I also tried with index (dimension1, dimension3, id), but the explain result is exactly the same.

Best Answer

It looks like all the data you need to resolve this query via the nested loop was already cached in RAM. PostgreSQL's planner would not be aware of that, it assumes it is going to have to go to disk to get much of the data.

If it is all cached, that could happen either fairly or unfairly.

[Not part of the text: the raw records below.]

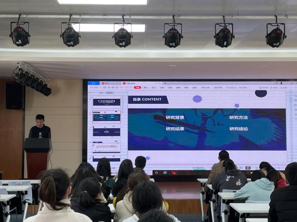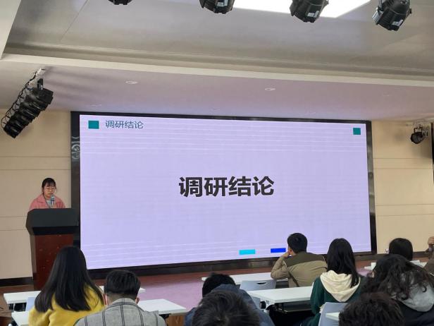 第二组同学是实践类题材,主讲人李婕讲述了我国大中城市0-3岁婴幼儿托育服务供需研究。彭江涛教授对他们的结果提出了结果有无依据、结论是否可靠以及问卷是否全部有效等疑问;王晓娟老师建议团队ppt提出应该重新规划,减少文字。
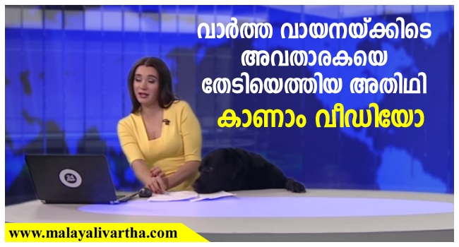 ന്യൂസ് റൂമില് പലവിധത്തിലുള്ള രസകരമായ സംഭവങ്ങളും നടക്കാറുണ്ട്. അത്തരം ഒരു രസകരമായ ദൃശ്യമാണ് റഷ്യയിലെ ഒരു പ്രാദേശിക ചാനലിലെ ന്യൂസ് ലൈവില് കണ്ടത്. വാര്ത്ത വായിക്കുന്നതിനിടയില് ലൈവില് നായ കയറി വരുന്നതും നായയെ അരികിലിരുത്തി മനസ്സാന്നിധ്യം കൈവിടാതെ അവതാരക വാര്ത്ത വായിക്കുന്നതുമാണ് ദൃശ്യത്തില്. യുട്യൂബിലെ നിലവിലെ വീഡിയോ ഇതിനോടകം കണ്ടത് 30 ലക്ഷം ആളുകളാണ്. മോസ്കോയില് നടന്ന ഒരു പ്രധാനപ്പെട്ട സംഭവം അവതാരിക അവതരിപ്പിക്കുകയായിരുന്നു. എന്നാല് അതിനിടയിലാണ് ഇരിക്കുന്ന മേശക്കടിയില് നിന്ന കുര കേട്ടത്. ശബ്ദം കേട്ട് ഞെട്ടലോടെ തിരിഞ്ഞു നോക്കിയ അവതാരക കണ്ടത് കറുത്ത നിറത്തിലുള്ള ലാബ്രഡോര് ഇനത്തില് പെട്ട വളര്ത്തു നായയെയാണ്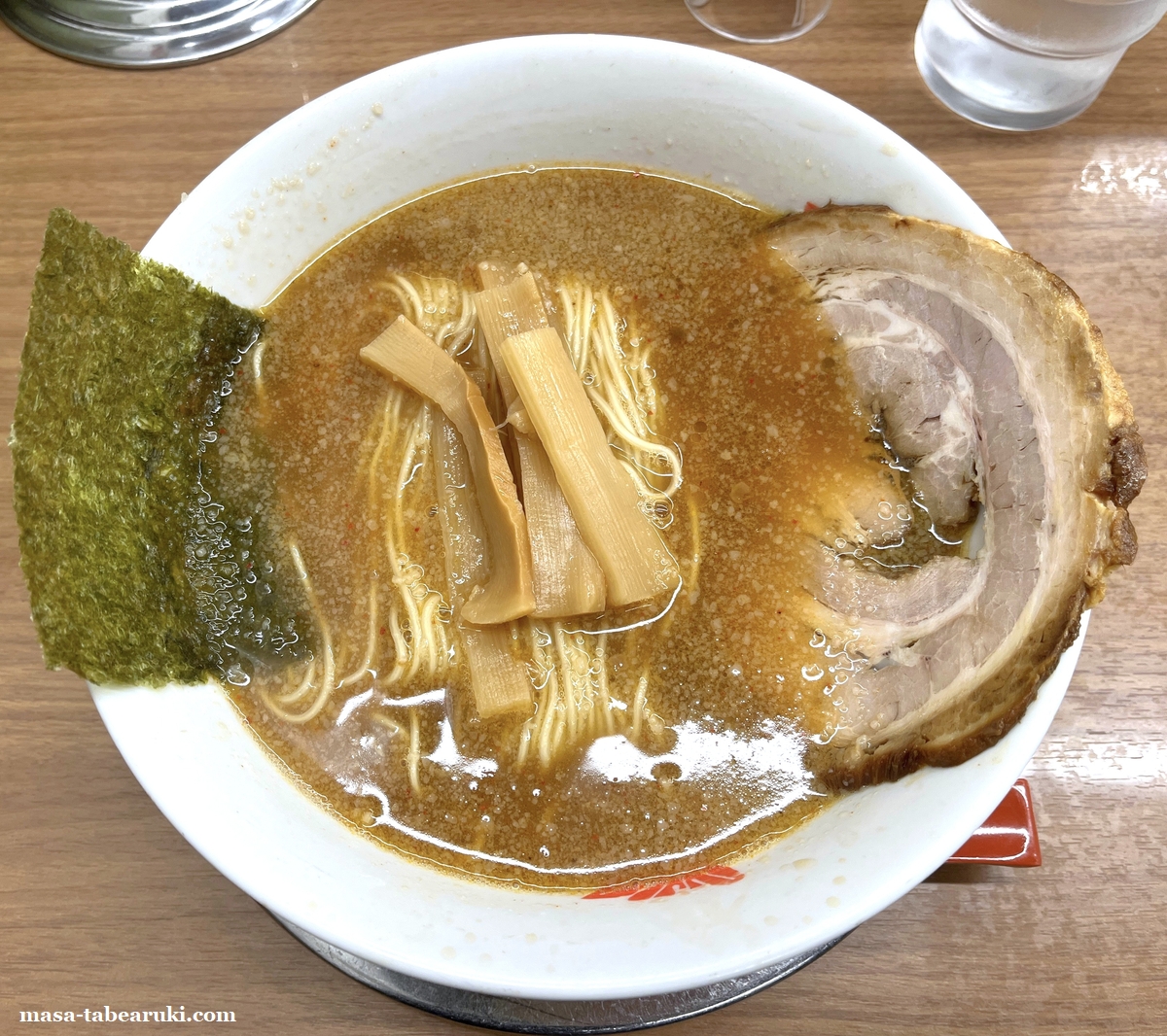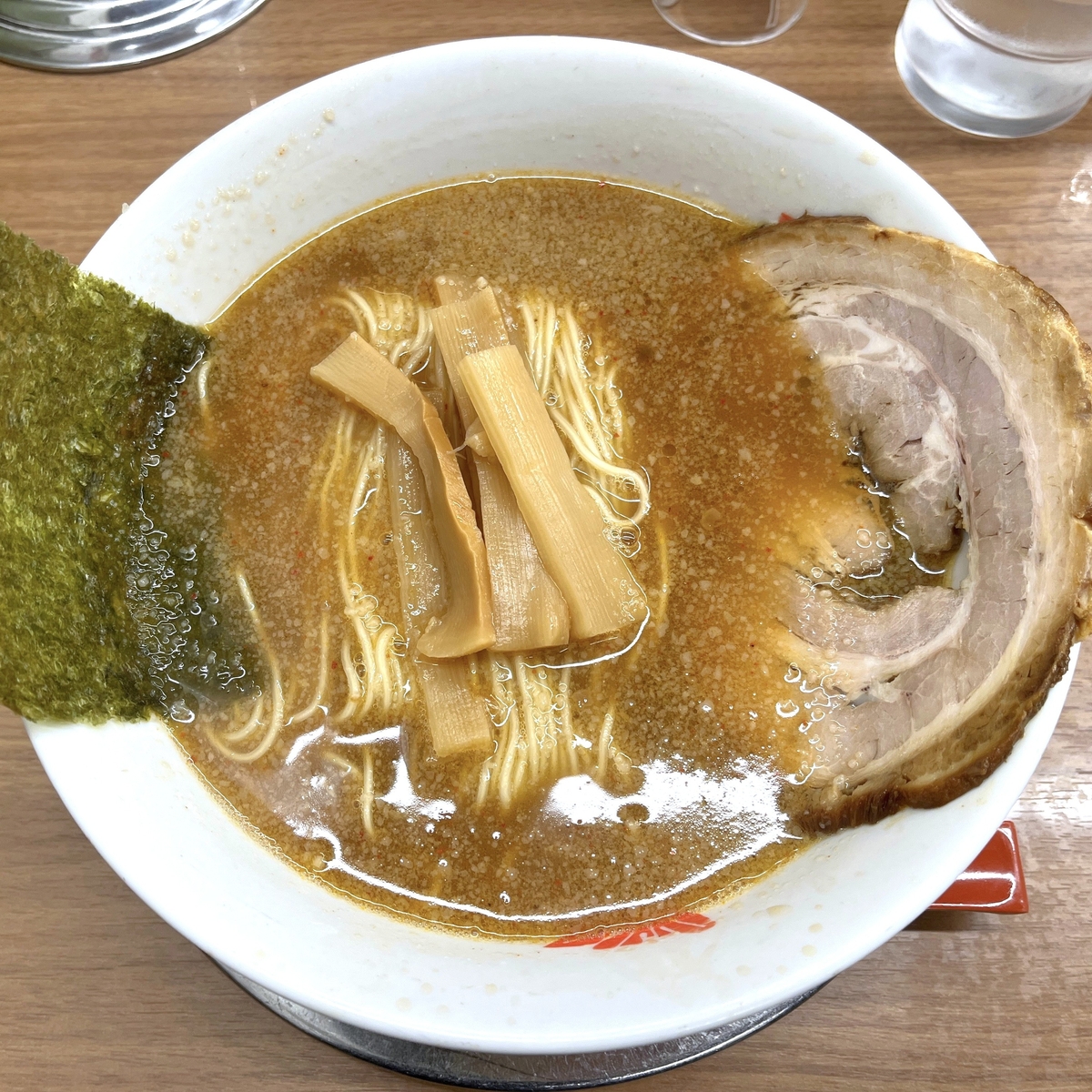 三つ目の特長は豚骨と鶏骨のスープに和風出汁を加えたというスープ。ややトロっとしており濃厚さもありながらしつこさは感じず、時折くる一味のピリッとした辛みがアクセントになっています。麺は細めでスープとも合う歯切れの良さのあるタイプです。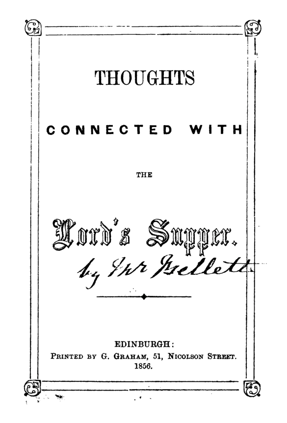 Just finished reading for the ??th time since having it gifted to me by a Brethren friend over 30 years ago and came to this website to learn more about Mr Bellett. Wanted to read Thoughts on the Lord's Supper but it seems I don't have the authority to open the link. Can you help? Thank you and may the Lord bless you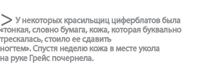 Грейс вздрогнула, когда в нее ткнули иглой, чтобы взять кровь на анализ. Она очень боялась всего, что может привести к образованию порезов или синяков, так как ее кожа больше не заживала. У некоторых красильщиц циферблатов была «тонкая, словно бумага, кожа, которая буквально трескалась, стоило ее сдавить ногтем». Неделю спустя Грейс поняла, что ее переживания были не напрасными: в месте, где врачи укололи ее, кожа почернела.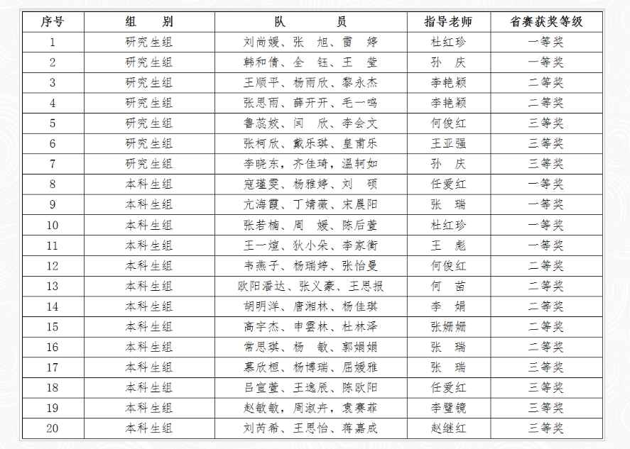 全国大学生统计建模大赛由中国统计教育学会主办,是《全国普通高校大学生竞赛排行榜》内的重要赛事之一。在教务处、研究生院的支持下,数学与信息科学学院选派具有丰富经验的教师组建指导团队,对参赛学生给予论文选题和论文写作等赛事指导。最终参赛团队以新颖的作品选题、科学的统计方法、严谨的内容设计取得了良好的比赛成绩。(教务处、研究生院、数学与信息科学学院 文/王亚强 审核/周喜华、王肖烨、刘淳安)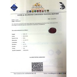 DATE: 15-4-2025REF.NO: LHS 461NAME: HESSONITEWEIGHT: 2.66 CTSCOLOUR: COCA COLATYPE OF/CUT: OVALDIMENSION: 9.6-8.1-4.1/CONCLUSION: N/AHARDNESS: 6.5-7.5R.INDEX: 1.92-2.02CLARITY: N/ASPECIFIC COMMENTS: H..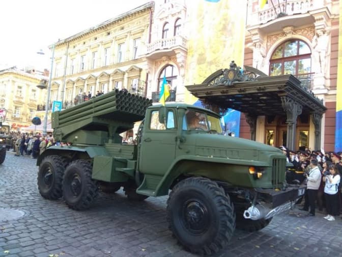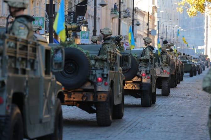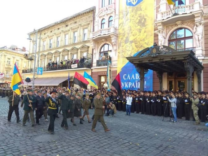 Сьогодні, 14 жовтня, з нагоди Дня захисника України центральною вулицею Львова пройшлась колона військових, волонтерів, реконструкторів та ветеранів УПА. Супроводжувала колону військова техніка та озброєння, яким користуються Збройні сили України та Нацгвардія.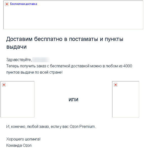 На днях получаю такое (картинки в письмах у меня отключены в частности потому, что с их помощью спамеры узнают, читали ли их послание):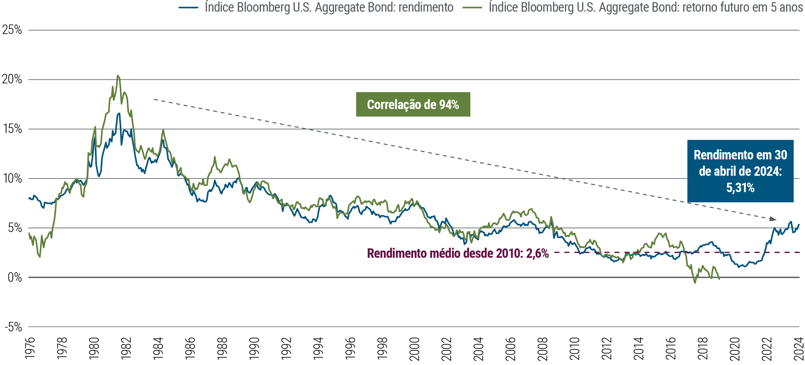 O choque inflacionário pós-pandemia e o subsequente ciclo de alta das taxas básicas de juros fizeram com que os rendimentos da renda fixa aumentassem drasticamente. Historicamente, os rendimentos iniciais são uma boa indicação dos retornos da renda fixa em um horizonte de vários anos (ver Figura 2). Em 30 de abril de 2024, os rendimentos dos índices Bloomberg U.S. Aggregate e Global Aggregate (com hedge em dólares dos EUA), duas referências para títulos de alta qualidade, estavam em 5,31% e 5,41%, respectivamente.

Fairly could be that you have a lot of RAM and most of your data is in cache most of the time. In that case, lowering random_page_cost to be the same or nearly the same as seq_page_cost is the correct response. But be warned that if you ever restart the server, you could be in for a painful warm up period as the cache gets reloaded from disk.

Another "fairly in cache" would be that you actually run the exact same query with the exact same parameter (2016-08-20) very often in production, and so that particular set of data stays in memory even though most of your data does not. In this case, lowering random_page_cost could fix this particularly query, but make other ones worse. One solution would be to lower random_page_cost or set enable_seqscan=off just for this query and reset it afterwards, if your framework lets you do that.

"Unfairly in cache" would be that you keep testing this query with a parameter of 2016-08-20, when your real query will use a different parameter each time. This means your performance testing server gets to re-use the same data over and over without reading it from disk, while your production server would not be able to do so. In this case you need to improve your testing/benchmarking method to be more realistic.